One obvious influence in an appellate
court are the opinions of one's colleagues. Lenin taught
that the person who wrote minutes of an organisation
would end up running it. The judge who produces his
or her draft opinion first can often influence, profoundly,
undecided colleagues. But does the influence of judicial
colleagues go beyond that? Generally, judges do not
breach the walls that exist around their court relationships.
In Australia, in my experience, such relationships extend
from the civil and correct to the warm and friendly.

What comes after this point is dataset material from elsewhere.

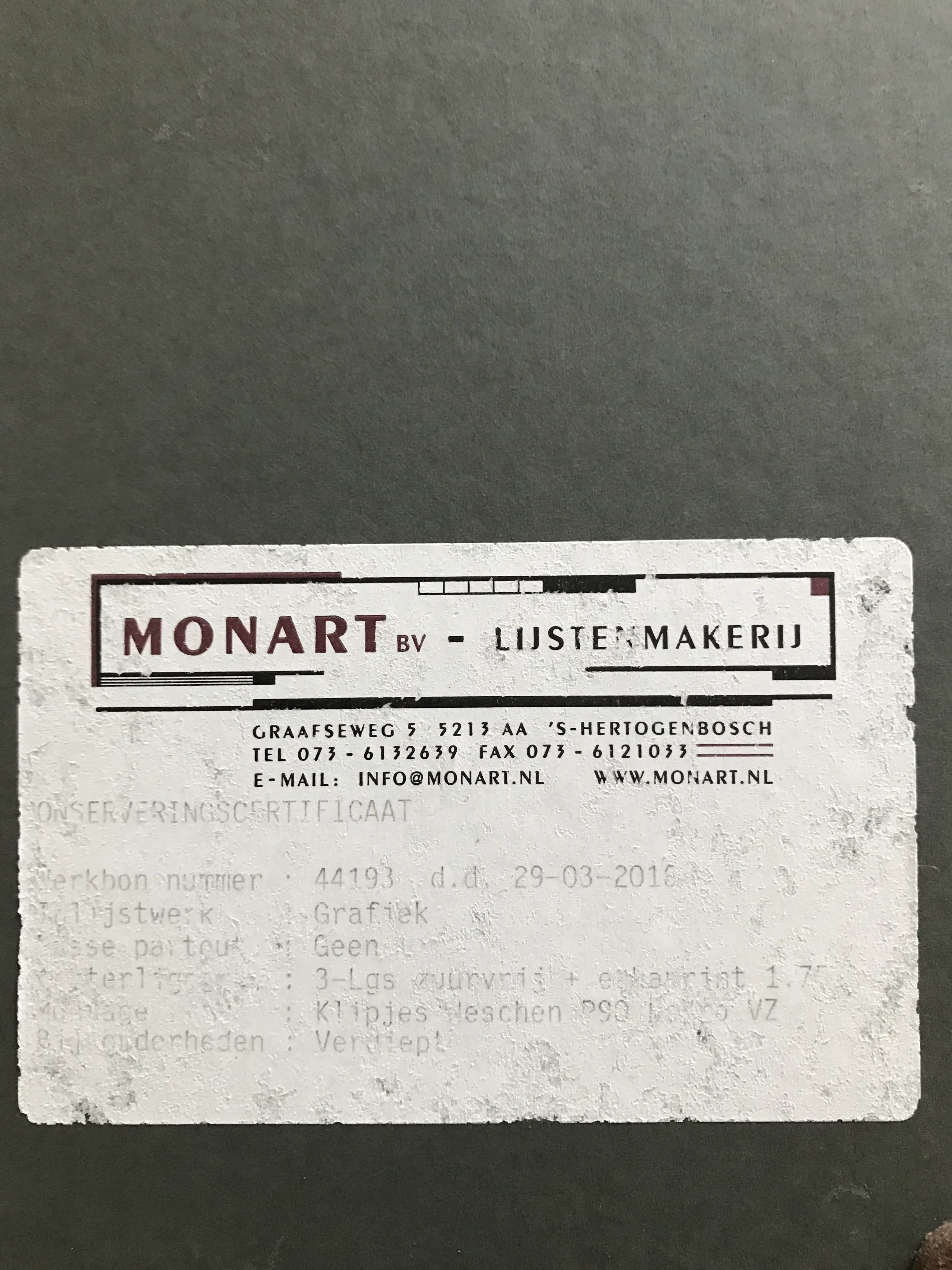 Verdiept ingelijst in essen lijst, ingelijst door Monart in Den Bosch.

But it has not always been so
59 . In the United
States, Chief Judge Richard Posner
60 talks of his
experience:
"[Judges] rarely level with the
public - and not always with themselves - concerning
the seamier side of the judicial process. This is the
side that includes the unprincipled compromises and
petty jealousies and rivalries that accompany collegial
decision-making and indolence and apathy that life tenure
can induce".
It seems that Posner's experience is
not unique in the United States. Judge Patricia Wald
describes her experience
61 :
"Real friendships are rare on the
court. Heartfelt differences of philosophy and ideology
militate against them. Powerful egos often impede them,
even among philosophical allies. Judges are like monks
without the unifying bonds of a common faith. They are
consigned to one another's company for life. They cannot
speak about their work outside the walls of the monastery.
Lingering resentment and hostilities may be kept under
wraps - and a bottle of Mylanta at hand - to
preserve the image of the court that is impartial and
neutral enough to decide other people's disputes".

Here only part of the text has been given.